> Task requirements:
Lines of the material that include the string "Tlaxcala" should be returned.

> Dataset content:
BEGIN
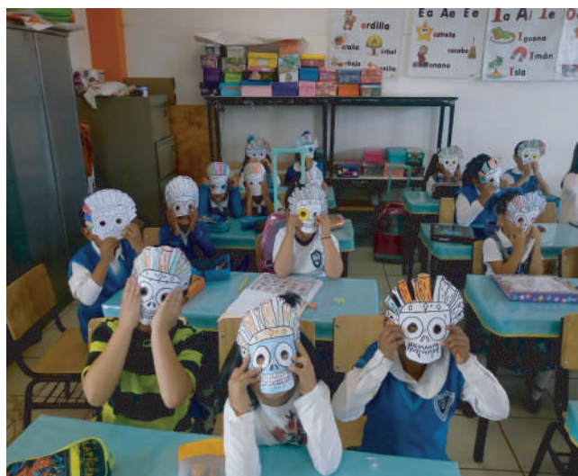
Alumnos de la Escuela Primaria "Luis G. Salamanca", Tlaxcala, 2019.

Considero que el proyecto cumple con la inclusión de las comunidades más alejadas del estado, acercándolas a la cultura desde el Museo Regional de Tlaxcala, sin importar las condiciones, garantizando el acceso al patrimonio cultural del país y de nuestro estado.
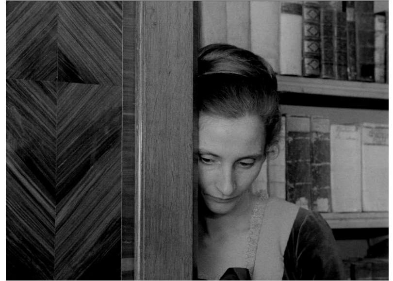
Chronik der Anna Magdalena Bach (1968)
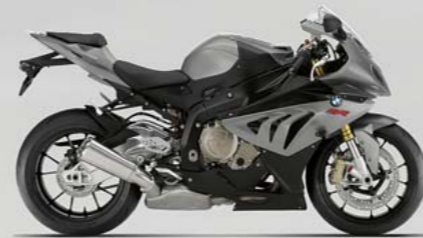
Granitgrau metallic matt
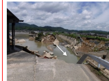
高梁川水系高馬川 倉敷市 決壊：左岸L=20m ：右岸L=55m 浸水面積：約1,200ha 浸水戸数：約4,600戸
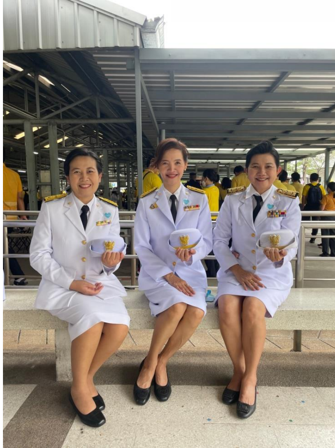
ผู้แทนกองสถานพยาบาลและการประกอบโรคศิลปะ ร่วมเฝ้ารับเสด็จฯ

โครงการที่ ๗ งานราชพิธี รัฐพิธี และงานพิธีการต่าง ๆ ของรัฐบาล กิจกรรมเฝ้ารับเสด็จพระบาทสมเด็จพระเจ้าอยู่หัว และสมเด็จพระนางเจ้าฯ พระบรมราชินี เสด็จพระราชดำเนินไปทรงเปิดอาคารมหิตลาธิเบศร วันที่ ๒๐ พฤศจิกายน ๒๕๖๕ เวลา ๑๗.๐๐ น. ณ กระทรวงสาธารณสุข จ.นนทบุรี
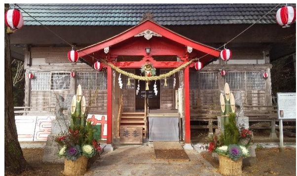
▲二宮神社の門松(奥屋)
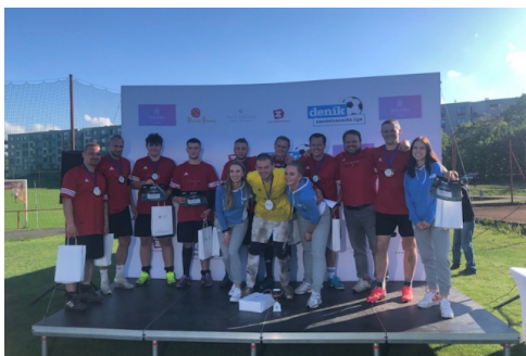
Fotbalový tým Czech Blades
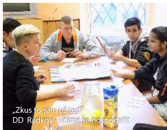
„Zkus to sám už teď“ DD Radkov - učíme se hospodařit
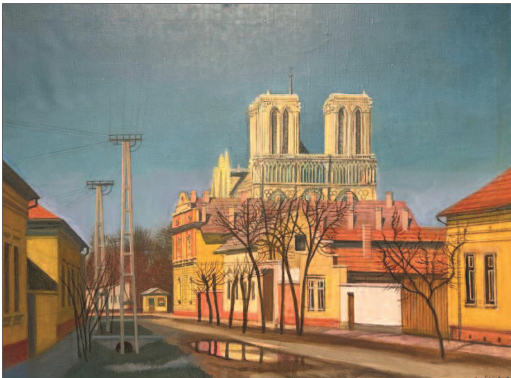
29. kép. A Notre Dame Kiskunfélegyházán, 1981. – Magántulajdon
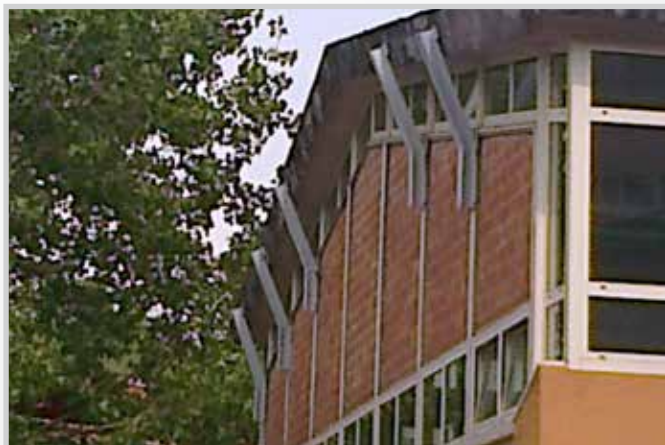
Adeguamento sismico scuola "Barozzi" - Modena
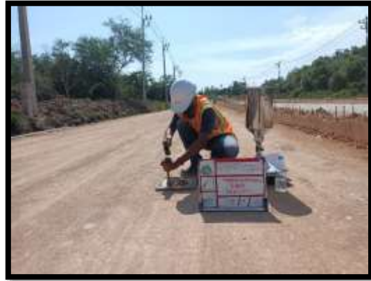
ภาพแสดงงานทดสอบความหนาแน่นชั้นรองพื้นทาง งานถนน Sta.๐+๕๕๐ ถึง Sta.๐+๗๐๐ LT
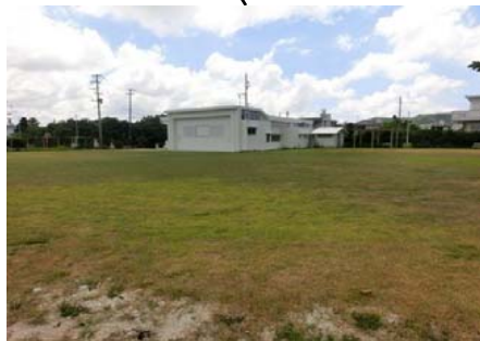
集合場所と駐車場1
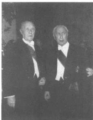
1956年初联邦总理阿登纳在波茨坦招待会上
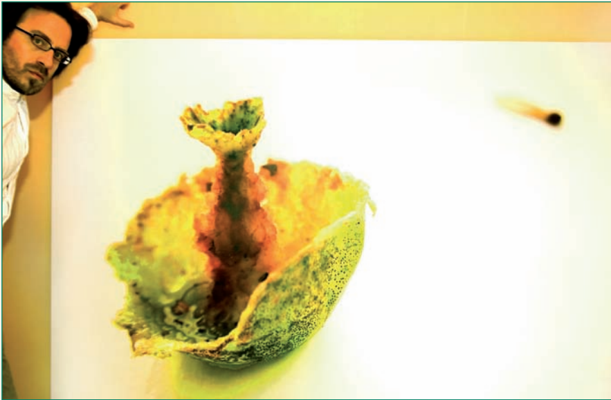
Caiuco, fame e inmigración / Xacobe Meléndrez

teño en fase de produción o da auga coa exposición "Memoria auga" e unha videoinstalación en espazos públicos "Enriba da pegada humana-Over human track" na que xogo con este elemento e co concepto de ruína. Estes están á espera de patrocinio, xa que me gustaría telos listos coincidindo coa ExpoZaragoza 2008.
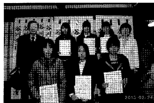
中学生入賞者（出席者）
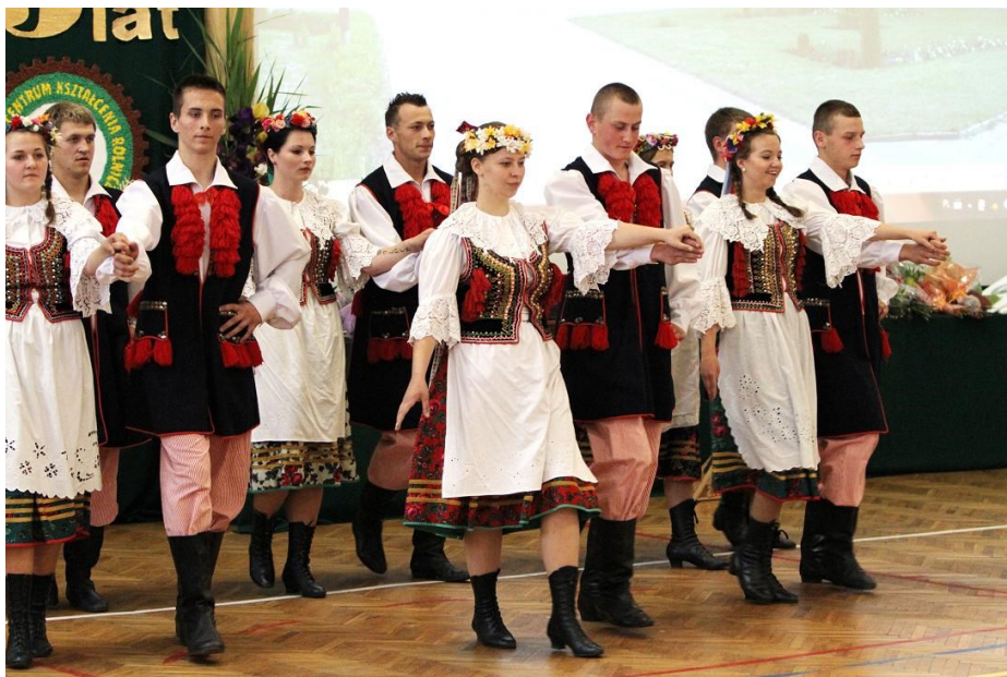
Fot. Ludowy Zespół Pieśni i Tańca „Sejny” podczas 65-lecia Szkoły.
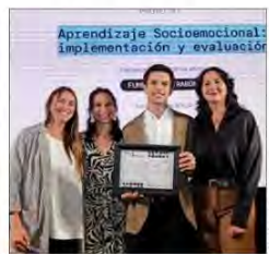
Gracias a los fondos recibidos, el proyecto ahora espera impactar a más de 50 mil estudiantes.
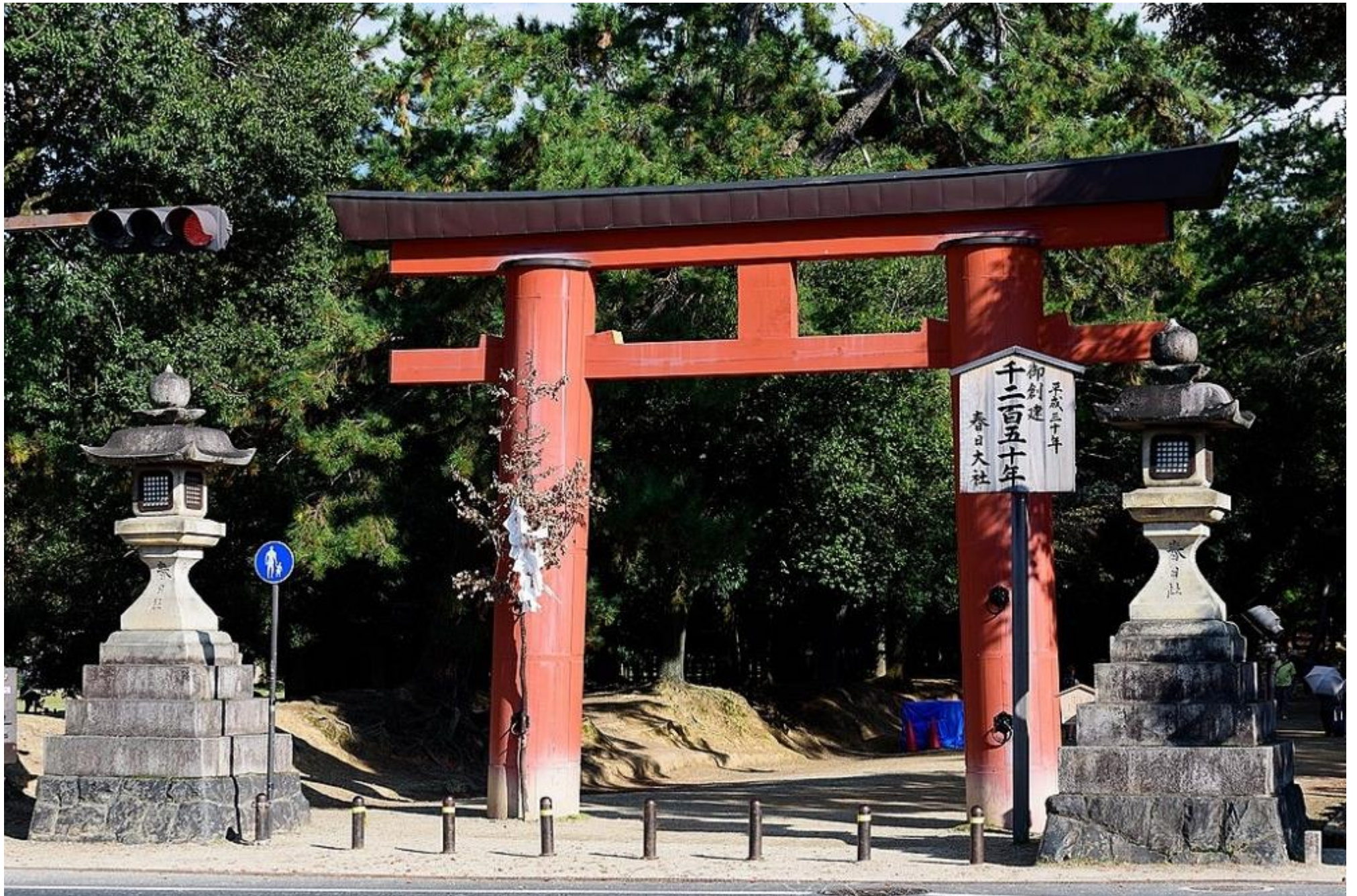
一の鳥居 Eerste torii-poort
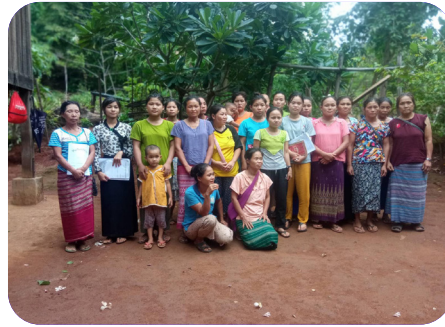
ချၢာ်လွၢ်ထူၣ်ကီၢ်ရၢၢ် ကညိပိာ်မုာ်ကရ၊ တီခိာ်ရိာ်မဲဒီး ရဲာ်ကျဲမၤမၤ တၢ်မၤသ့ထီၣ်ဘၢ်ထီၣ် ပိာ်မုာ်ပိာ်မၤကီၢ်ခိာ်မၤလဲ (၂၀၂၃ နံာ် လၢမုၢ် ၂၉ သီ တုၤ လၢယုာ် ၂ သီ)
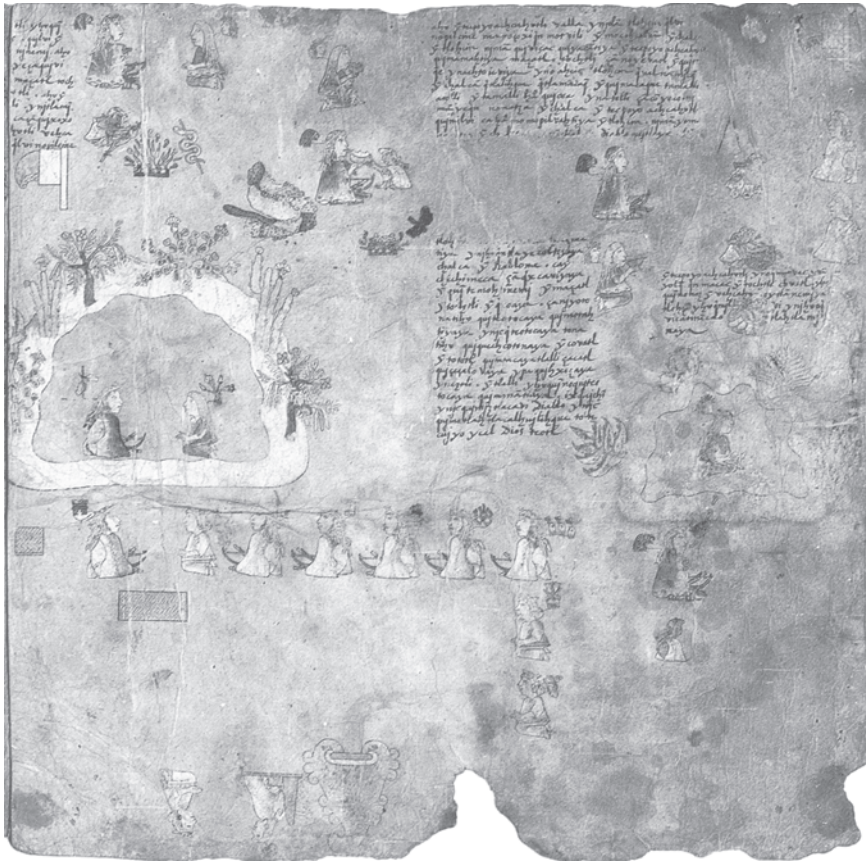
Figura 20. La interacción entre Tlotzin y los chalcas en el Mapa Tlotzin

Jurado que fue, y recibido en el imperio Tlotzin, una de las cosas en que más puso su cuidado fue el cultivar la tierra; y como en tiempo de su abuelo Xólotl lo más de él vivió en la provincia de Chalco, con la comunicación que allí tuvo con los chalcas y tultecas, por ser su madre su señora natural, echó de ver cuán necesario era el maíz y las demás semillas y legumbres, para el sustento de la vida humana; y en especial lo aprendió de Tecpoyo Achcauhtli que tenía su casa y familia en el peñol de Xico: había sido su ayo y maestro, y entre las cosas que le había enseñado, era el modo de cultivar la tierra, y como persona habituada a esto, dio orden de que en toda la tierra se cultivase y labrase [...] 156
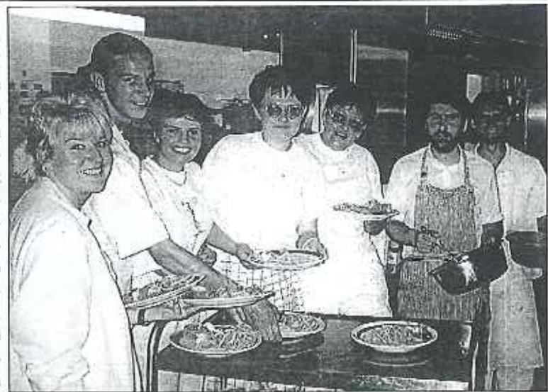
V tyto dny se také hodně vařilo.

dílo ČR, Biskupské gymnázium a Střední odborné učiliště Adolpha Kolpinga. Byla to vhodná příležitost zviditelnit výsledky několikaleté spolupráce. Pro hosty bylo připraveno slavnostní pohostění. Nabízely se chlebíčky, zákusky, z českých pokrmů vepřová a svičková.
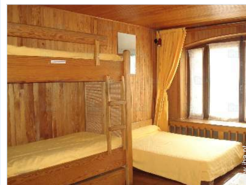
Dormida - cama(s)
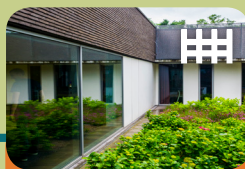
High Risk Vrouwen Opname Unit Levanta
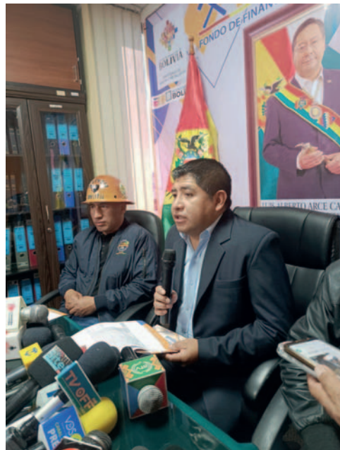
Los mineros cooperativistas ven con buenos ojos este trabajo coordinado con Fofim /Fofim
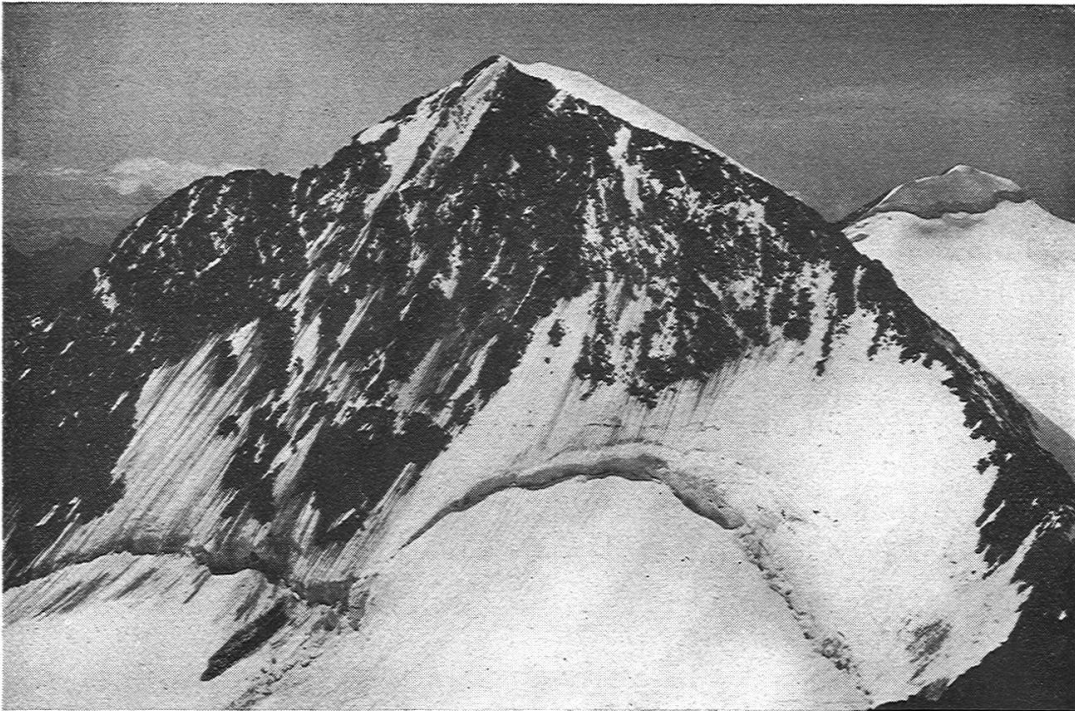
Abbild. 4. Verwitterung und Bergschrund am Piz Zupo.

scherzunge entstanden sein kann oder abgelagert worden ist, sondern dass seine streifenartige Erscheinung tatsächlich mit der Struktur des Gletschers in engstem Zusammenhang steht. Dazu kommt die Tatsache, dass bei vielen Gletschern die Schmutzbänder der untersten, dem Gletscherende am nächsten liegenden Eisschichten nicht nur Sand und Staub, sondern auch grössere Gesteinstrümmer aufweisen. Teils rühren sie, infolge von Abscheurungsvorgängen, aus der Grundmoräne her, teils stammen sie
END
> Worked solution:
Alumnos de la Escuela Primaria "Luis G. Salamanca", Tlaxcala, 2019.
Considero que el proyecto cumple con la inclusión de las comunidades más alejadas del estado, acercándolas a la cultura desde el Museo Regional de Tlaxcala, sin importar las condiciones, garantizando el acceso al patrimonio cultural del país y de nuestro estado.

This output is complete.